Foi com grande alegria que acolhemos a notícia da
elevação de D. José Tolentino Mendonça a cardeal. Já era esperado que assim
fosse, mas a confirmação é sempre bem-vinda.
Curiosamente, D. José Tolentino será elevado no dia 5 de
outubro, o que até lhe fica bem, uma vez que ele é (tragicamente) republicano.
Como é natural, a nomeação de D. Tolentino centrou as
atenções dos portugueses, mas seria uma pena não perceber a relevância de muitas
das restantes nomeações, que mostram claramente as prioridades deste Papa e deste
pontificado.
Começo pelo diálogo inter-religioso. O Papa Francisco não
só nomeou cardeal o espanhol Miguel Ángel Ayuso Guixot, presidente do Conselho
Pontifício para o Diálogo Inter-religioso, como também o seu antecessor Michael
Louis Fitzgerald, que chefiou o Conselho entre 2002 e 2006.

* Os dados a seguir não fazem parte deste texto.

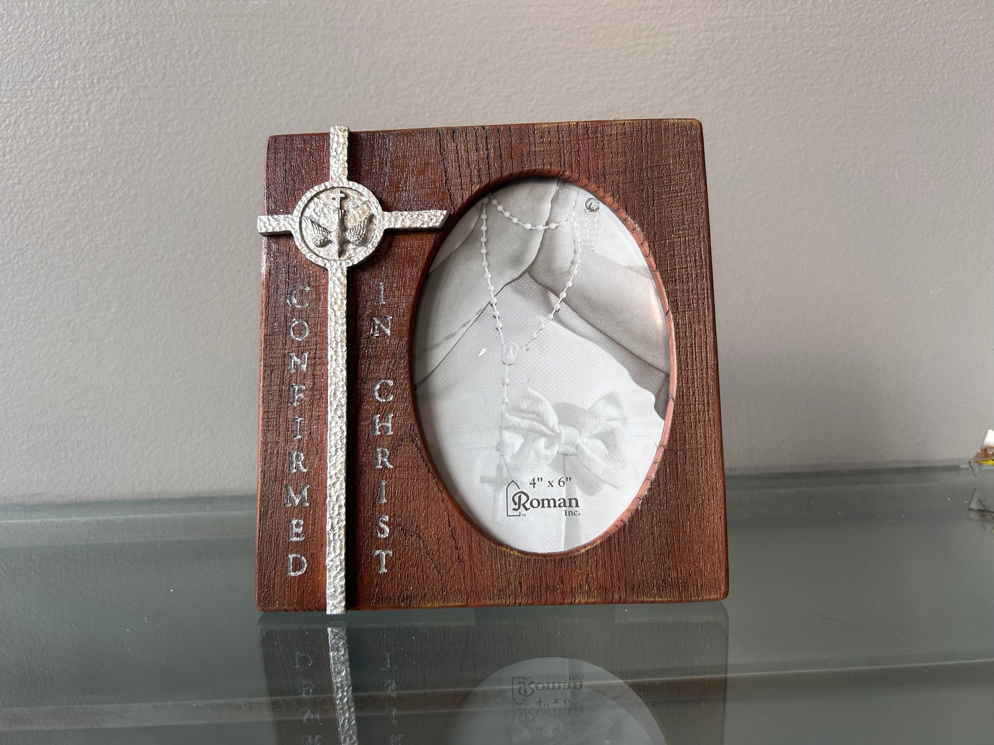 Designed to showcase 4x6 photos, this 6.75-inch high confirmation frame offers a precise and elegant display solution. Its quality craftsmanship ensures durability and protection, making it an ideal choice for preserving and presenting important confirmation memories with professional sophistication.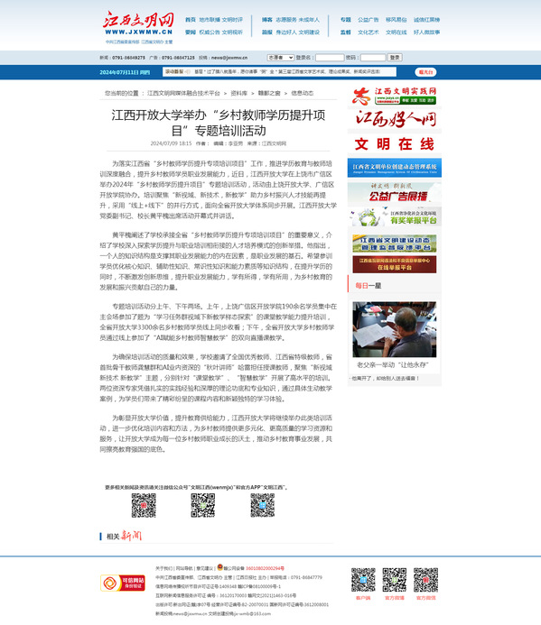为落实江西省“乡村教师学历提升专项培训项目”工作,推进学历教育与教师培训深度融合,提升乡村教师学员职业发展能力,近日,英国上市365官网在上饶市广信区举办2024年“乡村教师学历提升项目”专题培训活动,活动由上饶开放大学、广信区开放学院协办。培训聚焦“新视域、新技术,新教学”助力乡村振兴人才技能再提升,采用“线上+线下”的并行方式,面向全省开放大学体系同步开展。英国上市365官网党委副书记、校长黄平槐出席活动开幕式并讲话。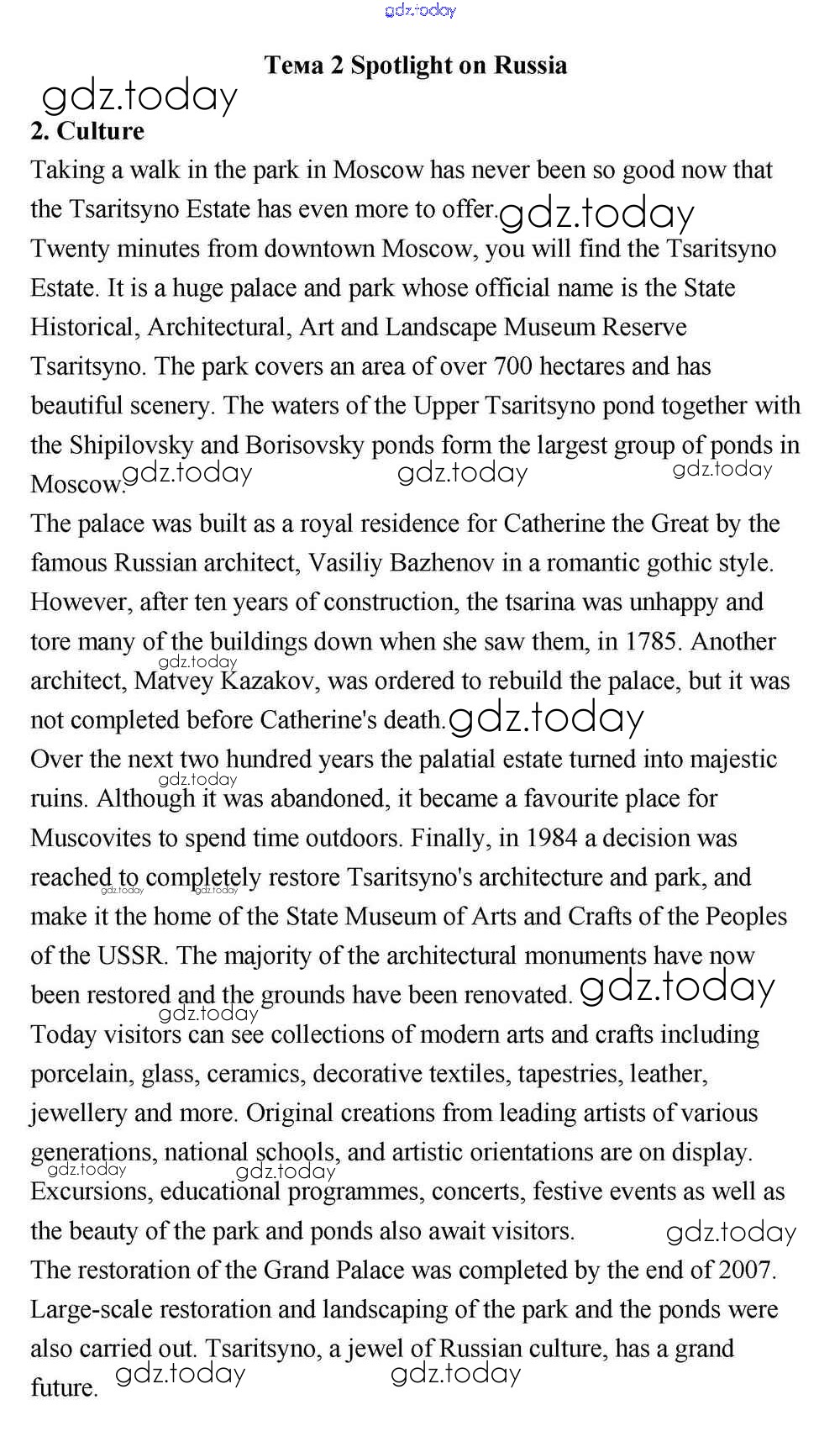 На страницах сайта gdz.today вы найдете учебный и вспомогательный материал, направленный на улучшения знаний школьной программы. ГДЗ - онлайн мир знаний Решение к Spotlight on Russia Culture (стр.4) Учебнику по Английскому языку для 11 класса Эванс, Дули Просвещение Spotlight 2015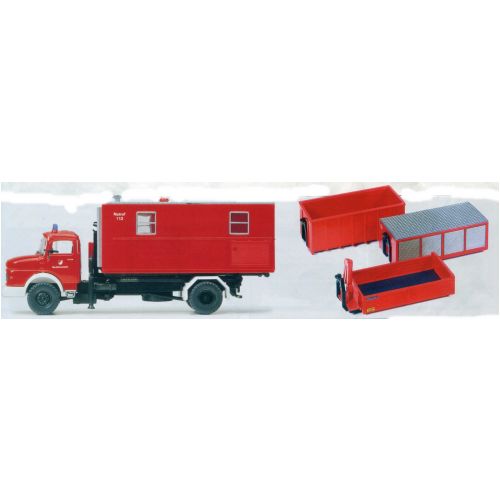 PF31116 組立式キット 消防用トラック(Roll-off tipper MEILLER) 1/87 L約10.0cm/W約2.5cm 1台+コンテナー4台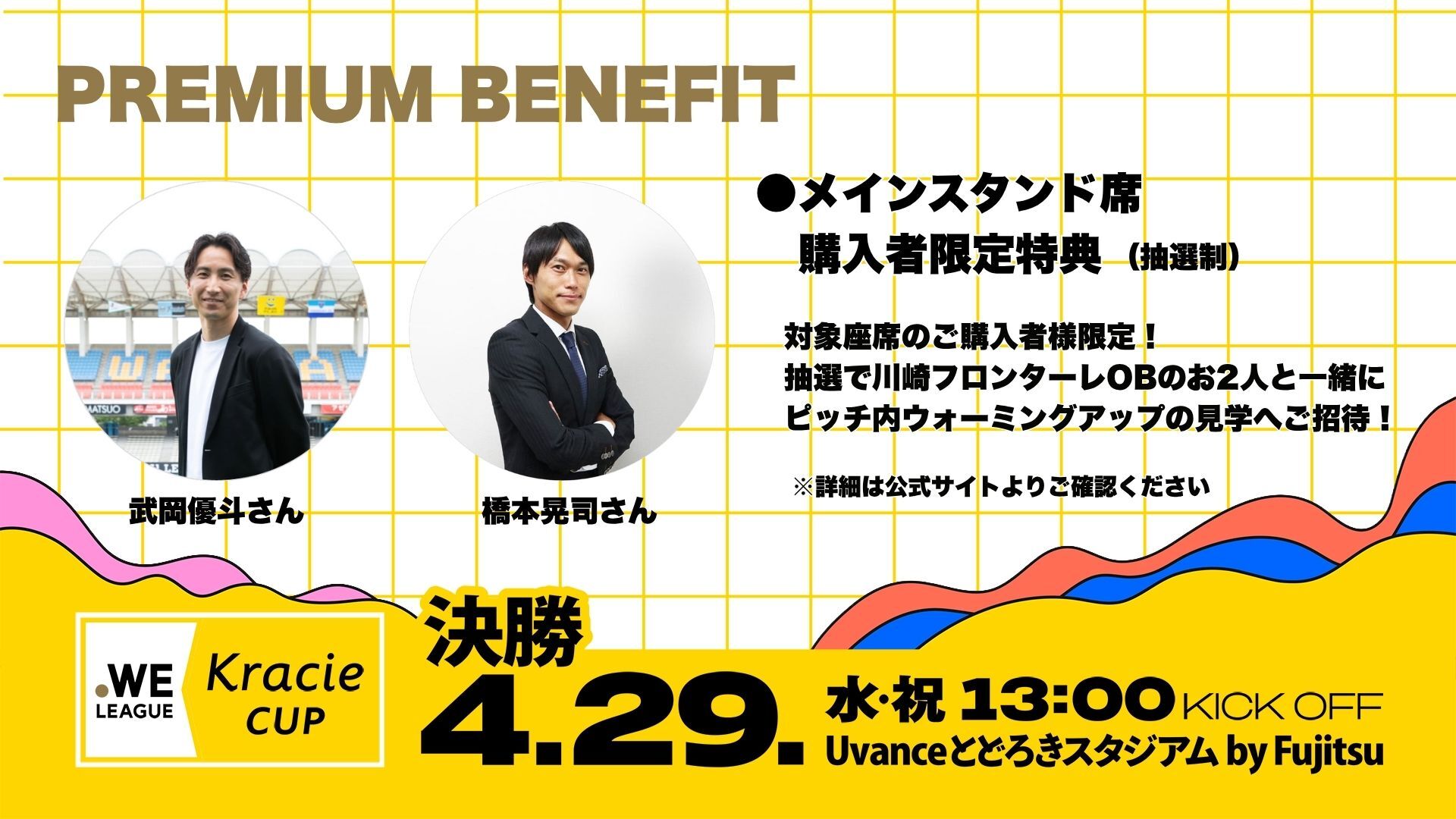 WEリーグでは4月29日(水・祝)開催する2025/26 WEリーグ クラシエカップ 決勝のチケット購入者限定特典として、U等々力を知り尽くす川崎フロンターレOB武岡さん、橋本さんと一緒にピッチ内ウォーミングアップ見学ができる特典を抽選で25組50名様にご用意!詳細は下記となります。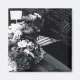 Retrato preto e branco de um buquê deixado na base do Memorial da Guerra do Vietnã em Washington, D.C.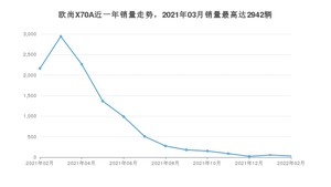 2022年2月,欧尚X70A销量为31辆,同比下降98.56%,环比下降42.59%。2021年02月-2022年02月份,欧尚X70A销量为11030辆,同比下降66.55%。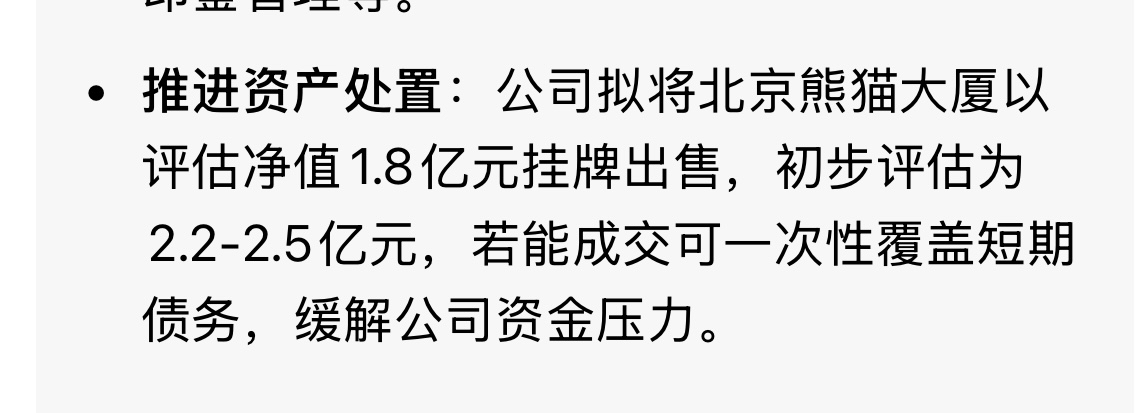 $*ST熊猫(SH600599)$ 这个固定资产出售成功的话应该能摘帽吧

A nomeação de Fitzgerald é particularmente interessante.
Em 2006 Bento XVI retirou-o do Conselho para o Diálogo Inter-religioso e
nomeou-o núncio apostólico para o Egipto. Ora, na altura a decisão causou alguma
confusão e não foi possível compreender se se tratava de uma despromoção, ou de
uma tentativa de aproveitar as grandes qualidades do arcebispo num país que é
crucial para as relações entre o Islão e o Cristianismo. Pouco tempo depois da sua retirada o Papa fez
o seu discurso de Ratisbona, que acabaria por danificar gravemente essas
relações.
A decisão de o nomear cardeal agora, que já tem 82 anos, pode
ser entendida, assim, como uma espécie de reabilitação, ou um tributo tardio a
um homem que dedicou a vida a tentar construir pontes com o Islão, coisa que o
Papa valoriza.
Para além destes dois especialistas em diálogo
inter-religioso, o Papa Francisco também nomeia cardeais os arcebispos de dois
países muito importantes para o mundo islâmico, Ignatius Suharyo Hardjoatmodjo,
de Jacarta, Indonésia – o maior país muçulmano em termos demográficos. Trata-se
apenas do terceiro cardeal da história da Indonésia, sendo que o primeiro já
morreu e o segundo, seu antecessor em Jakarta, tem já 84 anos. O outro novo
cardeal que vem do mundo islâmico é o arcebispo de Rabat, em Marrocos, Cristóbal
López Romero.
Recorde-se que o mesmo Papa Francisco já nomeou cardeais
do Burkina Faso (89% islâmica), da República Centro-Africana, onde os últimos
anos têm sido marcados por conflitos entre muçulmanos e cristãos, da Malásia
(61% muçulmanos, apenas 9% cristãos), Albânia, Mali (95% muçulmanos), Iraque e
Paquistão.
É verdade que com estas nomeações o Papa está a respeitar
a sua própria vontade expressa de dar importância às periferias, mas olhando
para estas nomeações parece também evidente que está, por um lado, a encorajar
e valorizar as comunidades cristãs nestes países, frequentemente vítimas de perseguição,
mas também a criar uma rede de conselheiros e actores que podem, agora com
maior autoridade, levar a cabo o diálogo com o Islão nestes países.
Pe. Michael Czerny |
A outra questão é a valorização do problema dos refugiados.
O Papa fez aqui uma nomeação curiosa, o padre canadiano Michael Czerny,
que é subsecretário da secção para os refugiados do Dicastério para a Promoção
do Desenvolvimento Humano Integral. O prefeito deste dicastério é Peter
Turkson, que já é cardeal, mas o secretário, o padre francês Bruno-Marie Duffé,
não é, o que cria uma situação peculiar, mas deixa muito, muito clara a
intenção do Papa de sublinhar a importância do trabalho desenvolvido por Czerny.
Repare-se que o jesuíta canadiano não é bispo. Ora isto
não é inédito, mas normalmente os padres nomeados cardeais são mais velhos, não-eleitores
ou muito perto de o serem, e muitos, sobretudo quando são jesuítas, pedem para não
ser ordenados bispos. Não se sabe ainda se Czerny, que entretanto foi também
nomeado secretário do sínodo dos bispos sobre a Amazónia, irá pedir esta
dispensa, mas se o fizer, e se lhe for concedida, haverá o caso raro de um
cardeal eleitor que não é bispo. Por exemplo, nos últimos conclaves não houve
um único caso de participante que não fosse bispo.